- [Work required] Each line of the material must be repeated precisely, with the pictures left out.

- [Collected material]
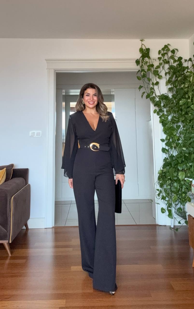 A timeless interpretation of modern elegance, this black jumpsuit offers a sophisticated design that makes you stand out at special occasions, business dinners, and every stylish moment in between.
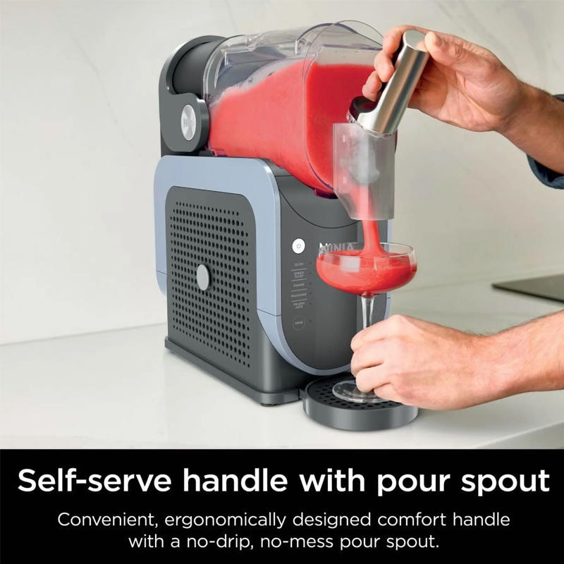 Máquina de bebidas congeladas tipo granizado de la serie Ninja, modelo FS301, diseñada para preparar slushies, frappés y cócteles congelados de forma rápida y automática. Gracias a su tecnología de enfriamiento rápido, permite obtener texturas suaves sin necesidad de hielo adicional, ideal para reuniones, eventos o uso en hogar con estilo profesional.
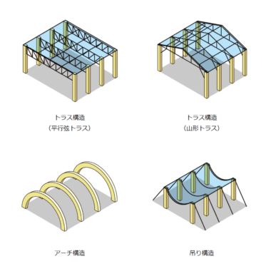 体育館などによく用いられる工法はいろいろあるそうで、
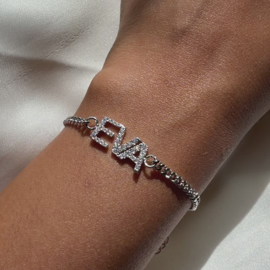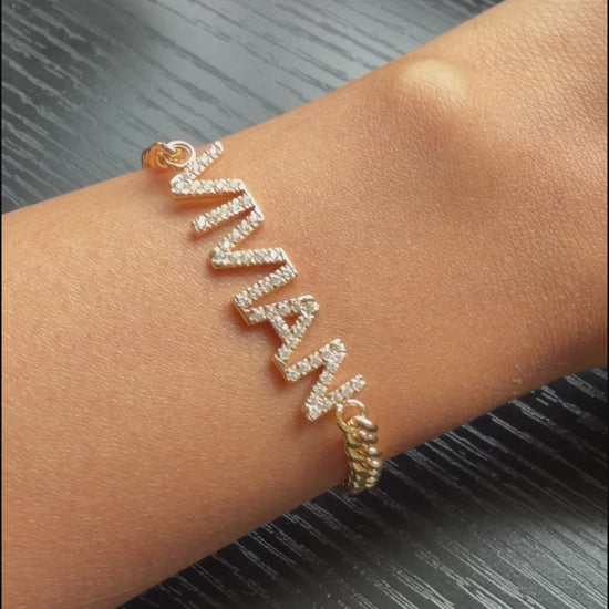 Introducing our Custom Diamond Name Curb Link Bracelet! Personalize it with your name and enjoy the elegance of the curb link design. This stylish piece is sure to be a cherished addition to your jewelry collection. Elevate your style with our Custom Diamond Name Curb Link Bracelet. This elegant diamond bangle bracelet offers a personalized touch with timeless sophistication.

- [Result of this task]
 A timeless interpretation of modern elegance, this black jumpsuit offers a sophisticated design that makes you stand out at special occasions, business dinners, and every stylish moment in between.
 Máquina de bebidas congeladas tipo granizado de la serie Ninja, modelo FS301, diseñada para preparar slushies, frappés y cócteles congelados de forma rápida y automática. Gracias a su tecnología de enfriamiento rápido, permite obtener texturas suaves sin necesidad de hielo adicional, ideal para reuniones, eventos o uso en hogar con estilo profesional.
 体育館などによく用いられる工法はいろいろあるそうで、
 Introducing our Custom Diamond Name Curb Link Bracelet! Personalize it with your name and enjoy the elegance of the curb link design. This stylish piece is sure to be a cherished addition to your jewelry collection. Elevate your style with our Custom Diamond Name Curb Link Bracelet. This elegant diamond bangle bracelet offers a personalized touch with timeless sophistication.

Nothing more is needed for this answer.